I thought the album’s title, Footage Missing came from you guys annoying your record company with unfeasible ‘I’m on a mountain’ video clip ideas.
“That’s a more interesting interpretation of the title than I gave so I might use for interviews from now on. A lot of our ideas have bitten the dust. We usually have to scale our ambitions down. When we were on Polydor we found after awhile the bigger the concept, the more chance you have of getting them up. In Sunbury 97 we chartered a helicopter to Sunbury. We just threw the concept at them as a joke and the next thing we know we’re at Essendon Airport getting into this chopper. The next clip for Surf City Limits we joked about it being shot on Rene Rifkin’s yacht on the harbour and the next thing you know, we are!

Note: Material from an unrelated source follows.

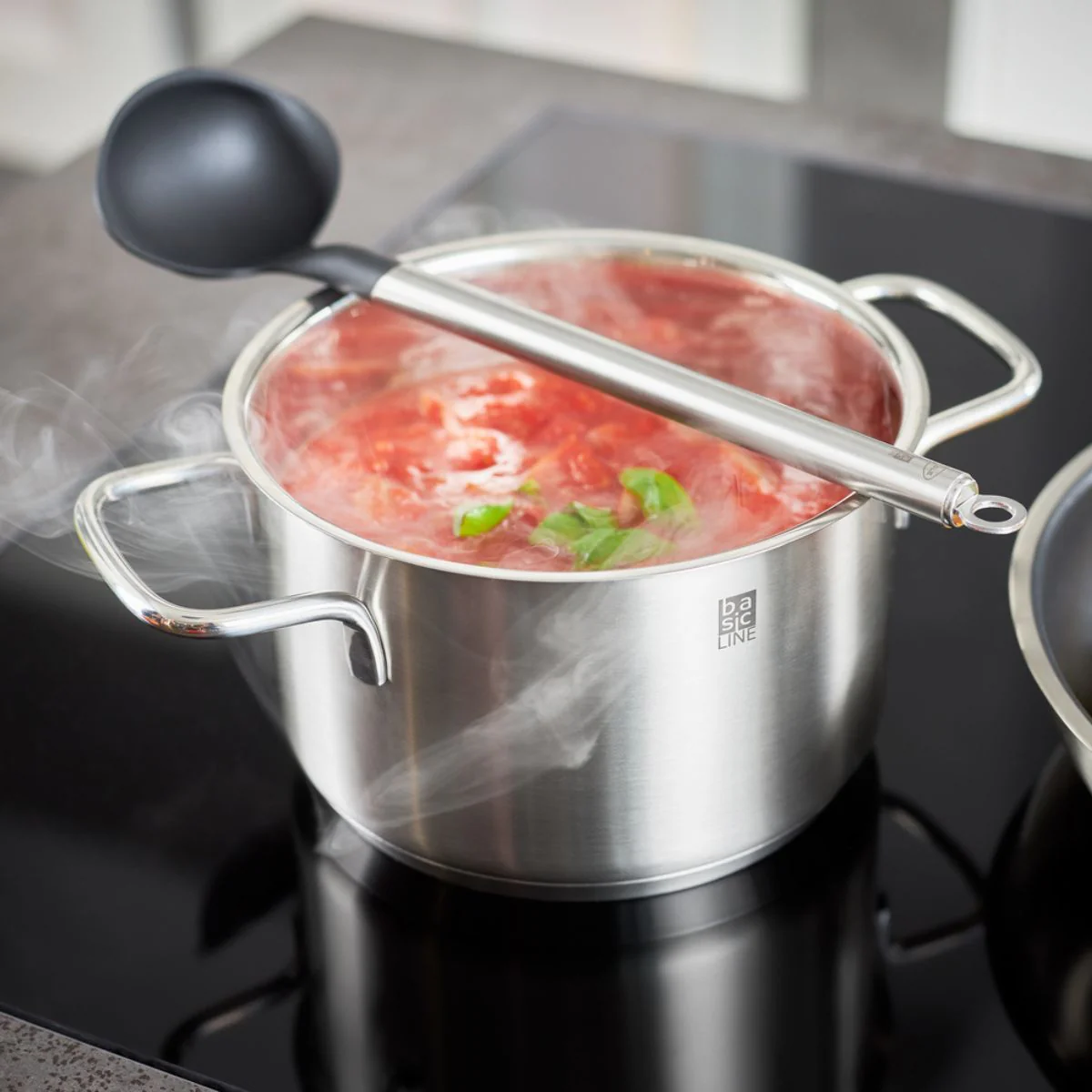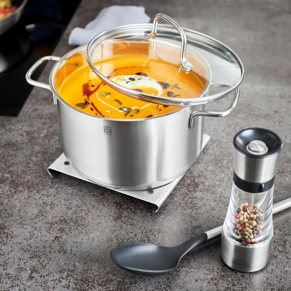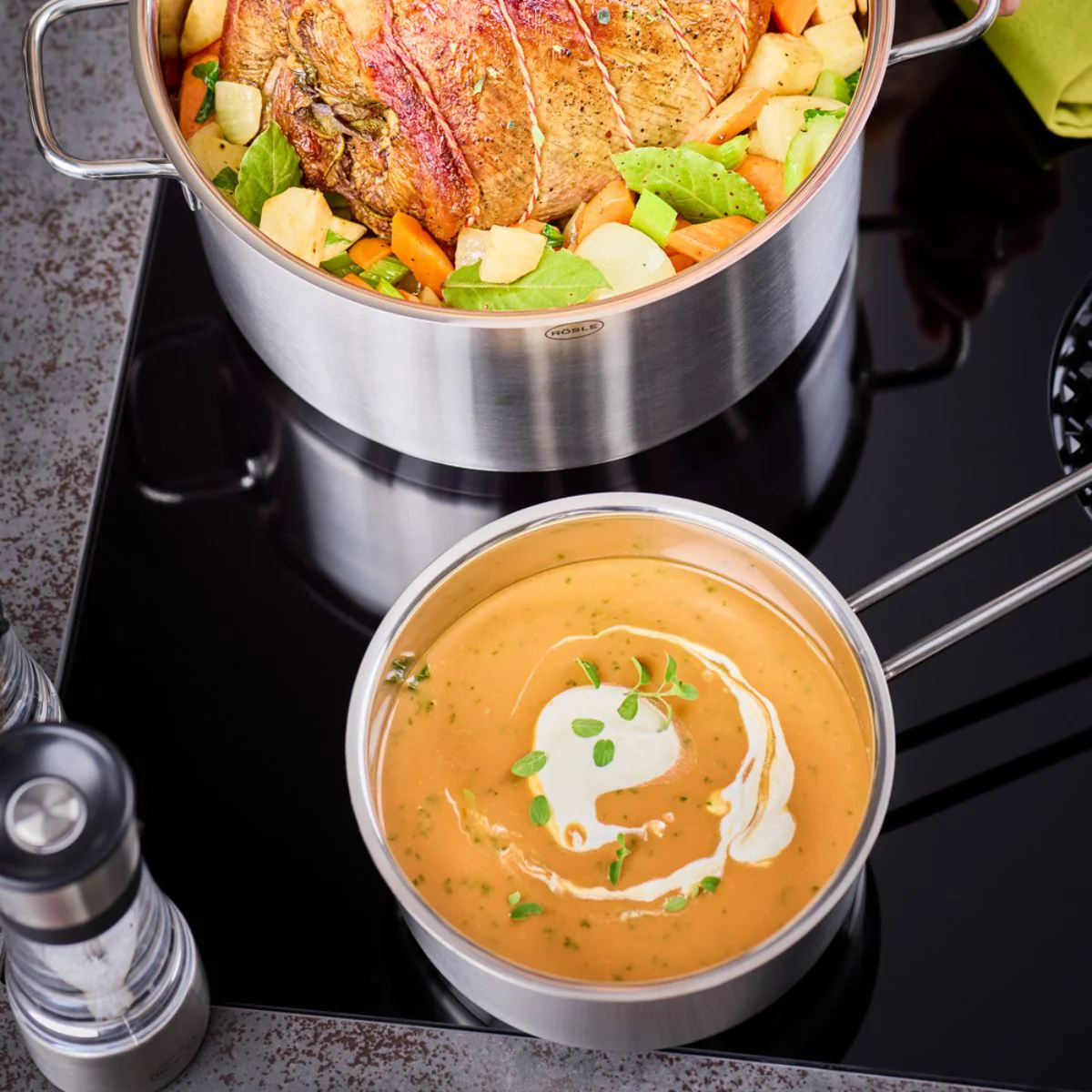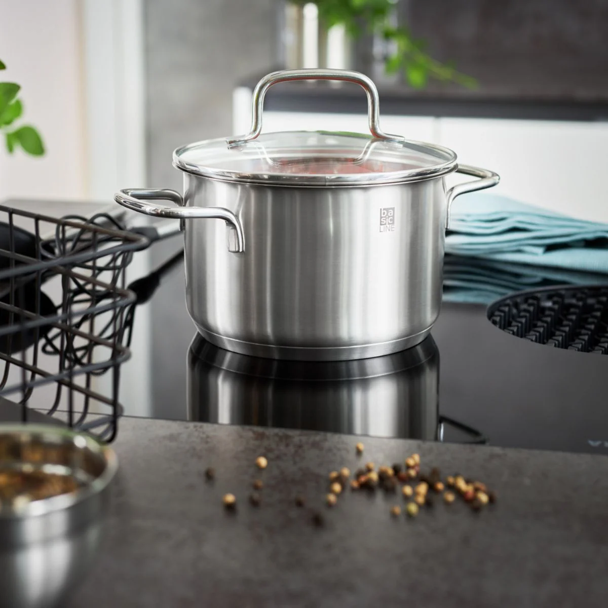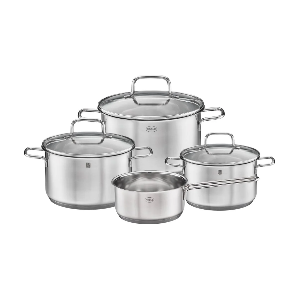 La batería de cocina de 4 piezas Basic Line Rösle contiene 3 cacerolas/ollas altas con tapa y un cazo, las piezas imprescindibles para equipar tu cocina:

It’s so much about bluff.”

The line, “Royal Lanciers, pidgeon fanciers, pants men, croupiers, walking cancers,” scares me.
“I feel good that that line has never been used in the history of popular song. To me that’s an achievement. You have to take the victories when you get them. I wanted it to be a bit abrasive. There’s enough sensitive songs in the Fauves’ catalogue to set everyone right. It was time for something to ruffle a few feathers. I wanted to be a bit obnoxious. Once again, I was just wanting to be something that I’m not. That’s what music’s about for me.’